What to produce>
The pictures stay out; all of the data is to be printed exactly.
*** Data provided Section Begins ***
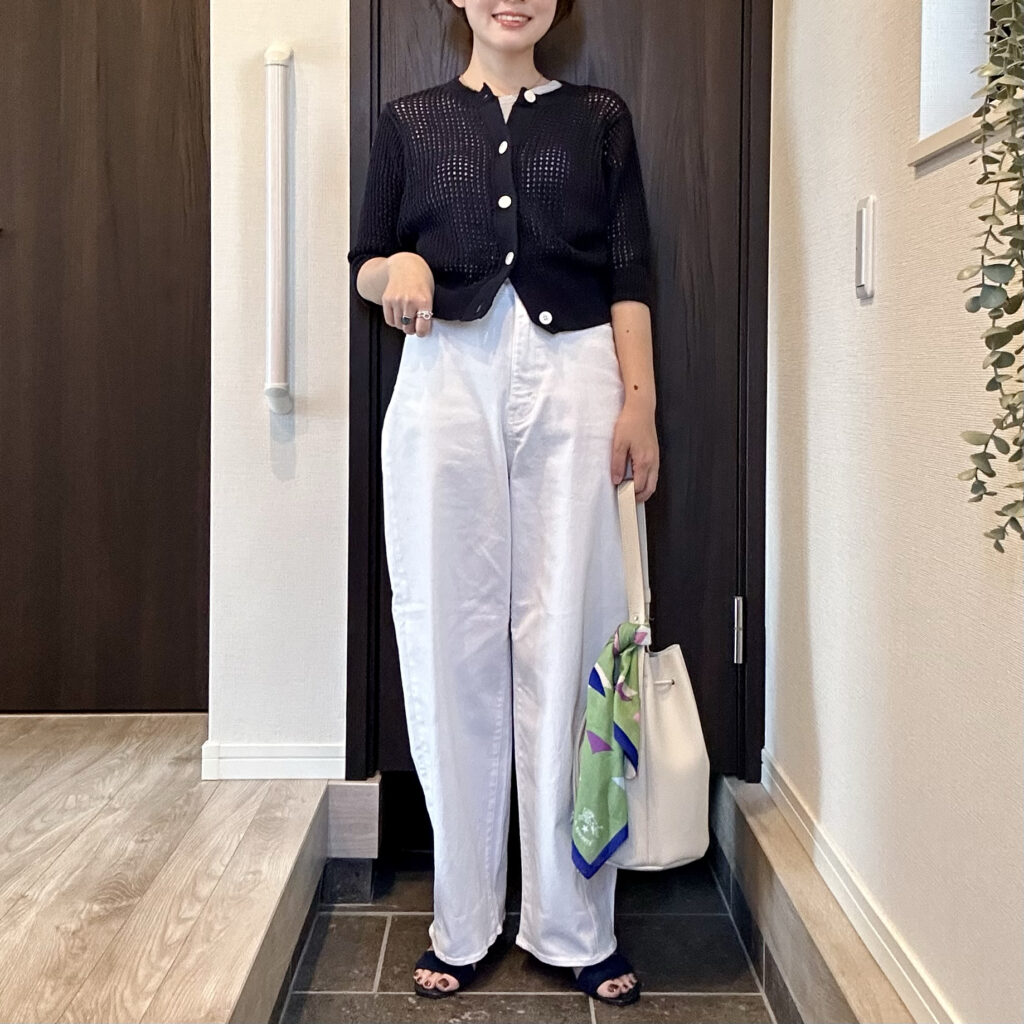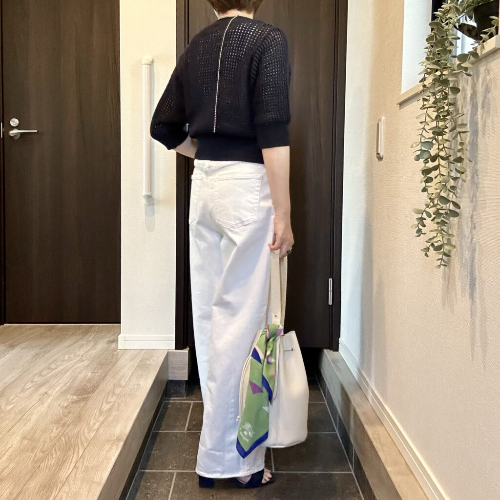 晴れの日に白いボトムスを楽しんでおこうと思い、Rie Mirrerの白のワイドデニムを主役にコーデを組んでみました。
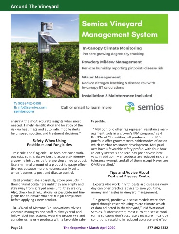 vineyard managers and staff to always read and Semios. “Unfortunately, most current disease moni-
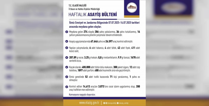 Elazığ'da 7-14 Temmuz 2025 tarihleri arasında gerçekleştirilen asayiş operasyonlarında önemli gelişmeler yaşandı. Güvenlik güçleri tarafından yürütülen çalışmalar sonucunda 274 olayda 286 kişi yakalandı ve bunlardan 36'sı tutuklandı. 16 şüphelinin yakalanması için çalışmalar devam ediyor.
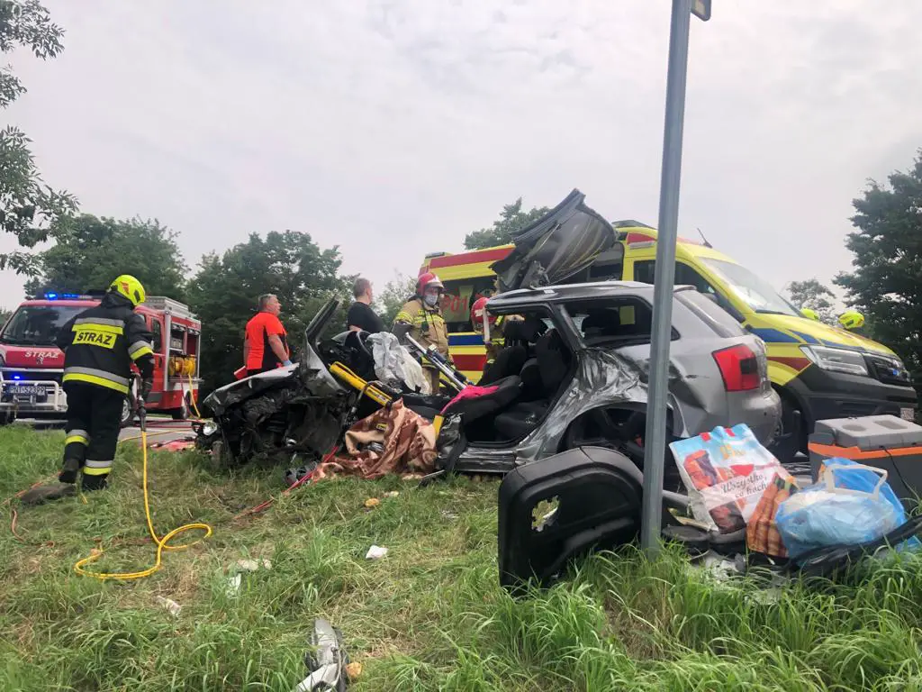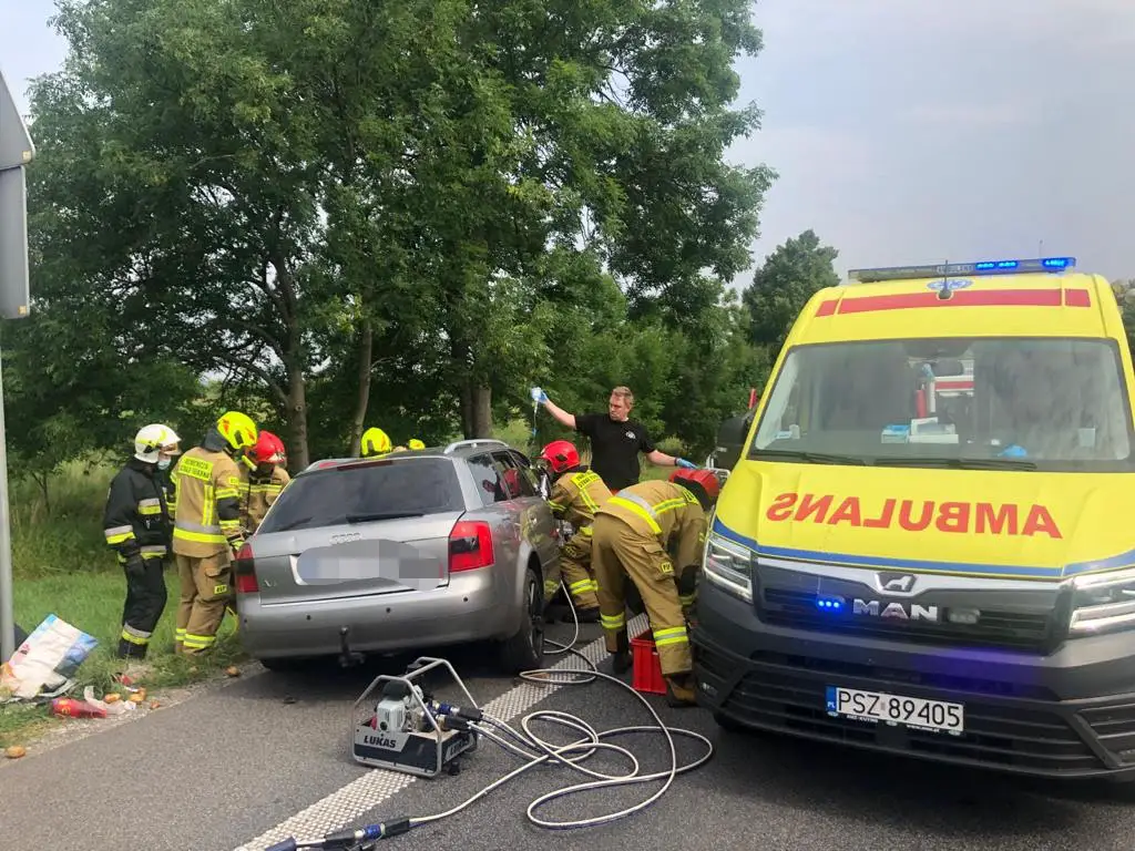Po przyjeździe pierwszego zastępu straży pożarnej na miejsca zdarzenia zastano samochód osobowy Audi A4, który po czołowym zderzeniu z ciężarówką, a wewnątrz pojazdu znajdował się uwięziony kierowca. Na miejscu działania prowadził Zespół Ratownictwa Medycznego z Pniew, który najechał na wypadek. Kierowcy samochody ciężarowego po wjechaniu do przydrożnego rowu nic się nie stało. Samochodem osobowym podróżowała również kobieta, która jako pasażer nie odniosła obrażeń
*** Data provided Section Ends ***
Solution for this problem>
 晴れの日に白いボトムスを楽しんでおこうと思い、Rie Mirrerの白のワイドデニムを主役にコーデを組んでみました。
 vineyard managers and staff to always read and Semios. “Unfortunately, most current disease moni-
 Elazığ'da 7-14 Temmuz 2025 tarihleri arasında gerçekleştirilen asayiş operasyonlarında önemli gelişmeler yaşandı. Güvenlik güçleri tarafından yürütülen çalışmalar sonucunda 274 olayda 286 kişi yakalandı ve bunlardan 36'sı tutuklandı. 16 şüphelinin yakalanması için çalışmalar devam ediyor.
Po przyjeździe pierwszego zastępu straży pożarnej na miejsca zdarzenia zastano samochód osobowy Audi A4, który po czołowym zderzeniu z ciężarówką, a wewnątrz pojazdu znajdował się uwięziony kierowca. Na miejscu działania prowadził Zespół Ratownictwa Medycznego z Pniew, który najechał na wypadek. Kierowcy samochody ciężarowego po wjechaniu do przydrożnego rowu nic się nie stało. Samochodem osobowym podróżowała również kobieta, która jako pasażer nie odniosła obrażeń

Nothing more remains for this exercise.